Return the lines of the listing below exactly as they appear, beginning at the one with "The image displays" and stopping after the one with "Abb. 2.3.1 Laser"; do not include pictures.

▸ **Data provided**
□ □ □

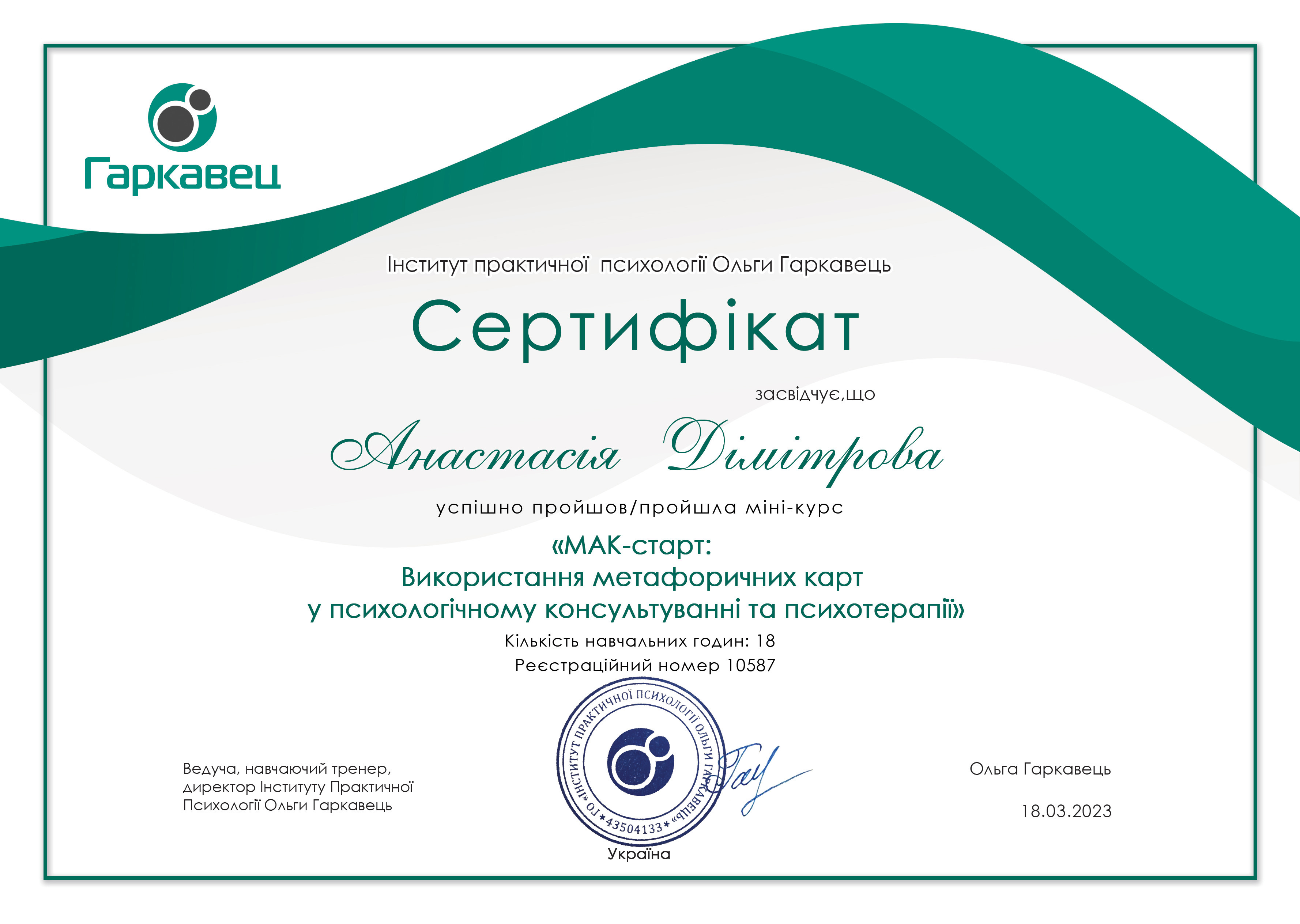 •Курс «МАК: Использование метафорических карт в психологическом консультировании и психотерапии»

□ □ □

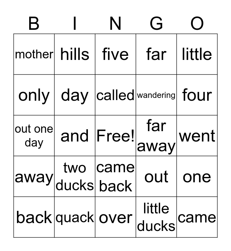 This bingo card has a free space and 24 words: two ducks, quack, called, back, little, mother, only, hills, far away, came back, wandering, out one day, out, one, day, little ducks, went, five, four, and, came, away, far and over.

□ □ □

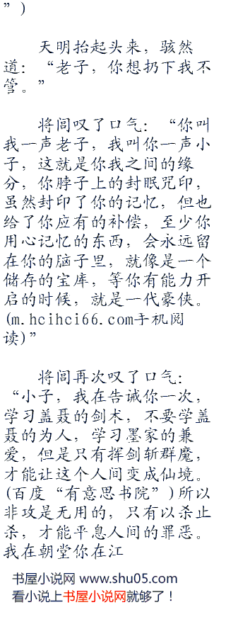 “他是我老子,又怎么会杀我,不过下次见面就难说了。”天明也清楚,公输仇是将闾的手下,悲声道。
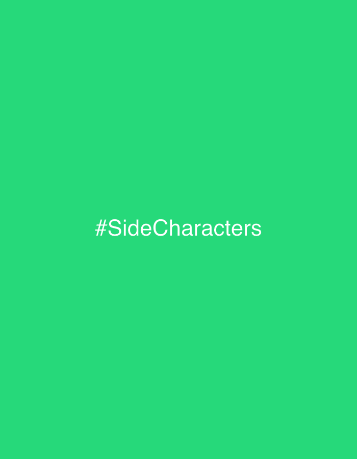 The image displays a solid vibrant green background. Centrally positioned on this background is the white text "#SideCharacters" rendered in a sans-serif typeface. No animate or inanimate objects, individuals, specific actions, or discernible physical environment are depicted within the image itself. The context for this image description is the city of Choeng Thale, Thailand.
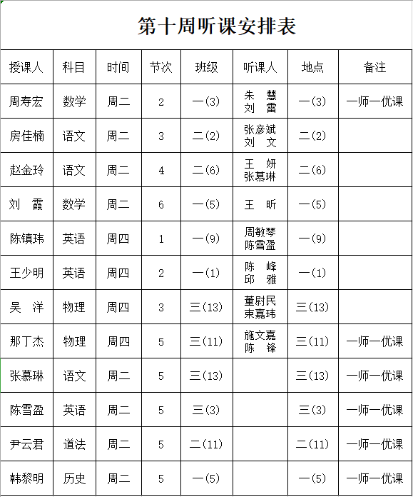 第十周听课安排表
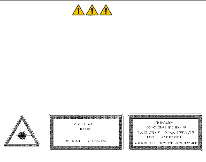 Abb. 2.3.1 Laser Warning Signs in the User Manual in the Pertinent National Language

□ □ □

▸ **Completed task**
 The image displays a solid vibrant green background. Centrally positioned on this background is the white text "#SideCharacters" rendered in a sans-serif typeface. No animate or inanimate objects, individuals, specific actions, or discernible physical environment are depicted within the image itself. The context for this image description is the city of Choeng Thale, Thailand.
 第十周听课安排表
 Abb. 2.3.1 Laser Warning Signs in the User Manual in the Pertinent National Language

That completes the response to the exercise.